I wanted to make a post and remind you all that the time to think of next fall, and the fall after that, and the fall after that has come. While many are still winding down on the 2017-18 season you need to start putting in the time in front of your laptop and marking your calendars for this year’s western application season. As I noted in my prior post it does not take a lot of money, or time to get yourself into an elk or deer or antelope tag in the western states, but it does take some thought and effort.

Wyoming’s non-resident elk deadline is approaching at the end of January. However, the good news is that if you don’t plan on hunting the cowboy state this year you can still apply for preference points later in the summer. My 2019 hunting party has been banking points for several years and will do so again this year in anticipation of our elk and antelope combo hunt. One of the best parts of applying for Wyoming is that they average your preference points across the party rather than defaulting you to the member with the lowest number of points (like Colorado). Wyoming by all accounts is worth the price though that price is climbing this year. However, for deer in the western part of the state you might consider holding onto your points. The winter of 2016-17 was brutal and reports are many mature bucks paid the price as well as the young of the year. So three more years from now you may find mature bucks lacking as well.

Arizona’s elk and antelope draw deadline is also approaching. Everyone knows about the trophy elk and antelope that Arizona has to offer and its true that it may take some time to draw (10 years or more) for an archery elk rut hunt but it could be less if you think beyond those boundaries. Listening to recent podcasts has seen Randy Newberg and the Gritty Bowmen talking up the opportunities that exist in Arizona and there is a lot more than you may be thinking.

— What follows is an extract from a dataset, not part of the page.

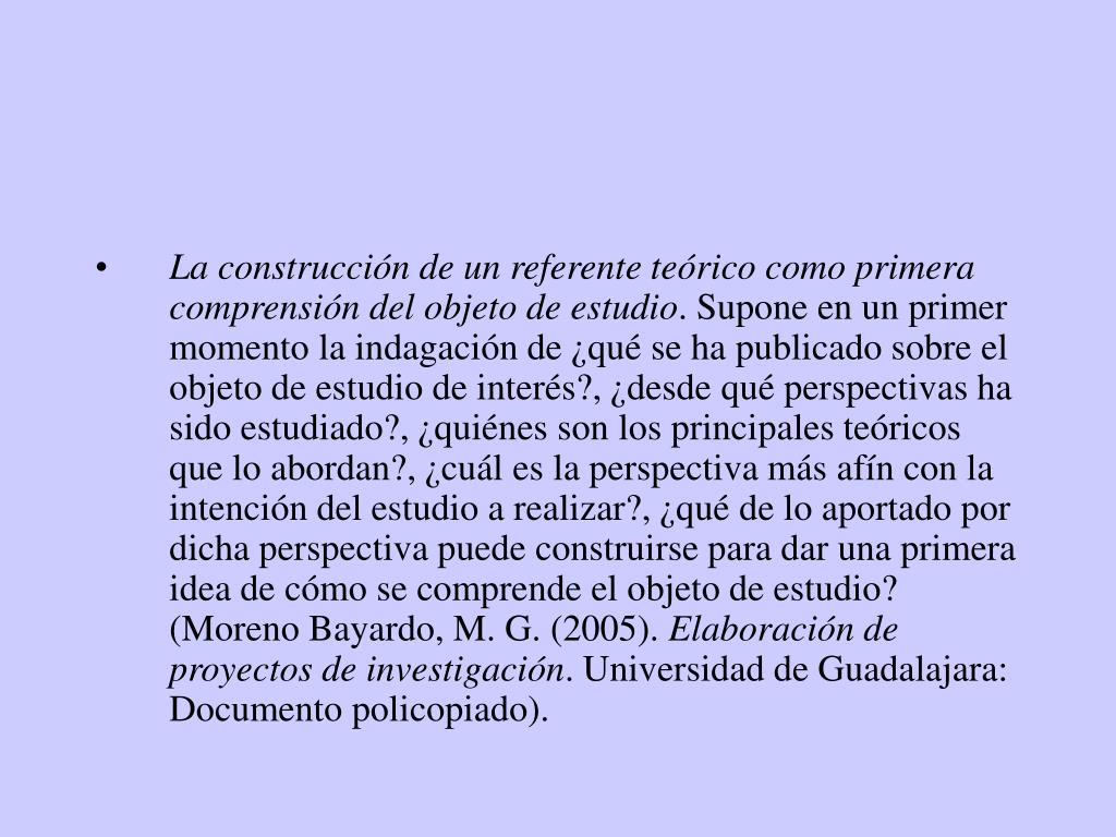 La construcción de un referente teórico como primera comprensión del objeto de estudio. Supone en un primer momento la indagación de ¿qué se ha publicado sobre el objeto de estudio de interés?, ¿desde qué perspectivas ha sido estudiado?, ¿quiénes son los principales teóricos que lo abordan?, ¿cuál es la perspectiva más afín con la intención del estudio a realizar?, ¿qué de lo aportado por dicha perspectiva puede construirse para dar una primera idea de cómo se comprende el objeto de estudio? (Moreno Bayardo, M. G. (2005). Elaboración de proyectos de investigación. Universidad de Guadalajara: Documento policopiado).

You might want to take advantage of this as attempting to draw Arizona requires purchasing the general hunting license for $160. Preston and I have decided to make this state part of our application strategy, but given the costs we don’t apply for every western state requiring purchase of their general hunting license. So you will likely want to look into states like Idaho, Nevada, Utah, and Arizona where this requirement exists.

Good luck to everyone as we head into an exciting time of year. Who knows what this fall will have in store!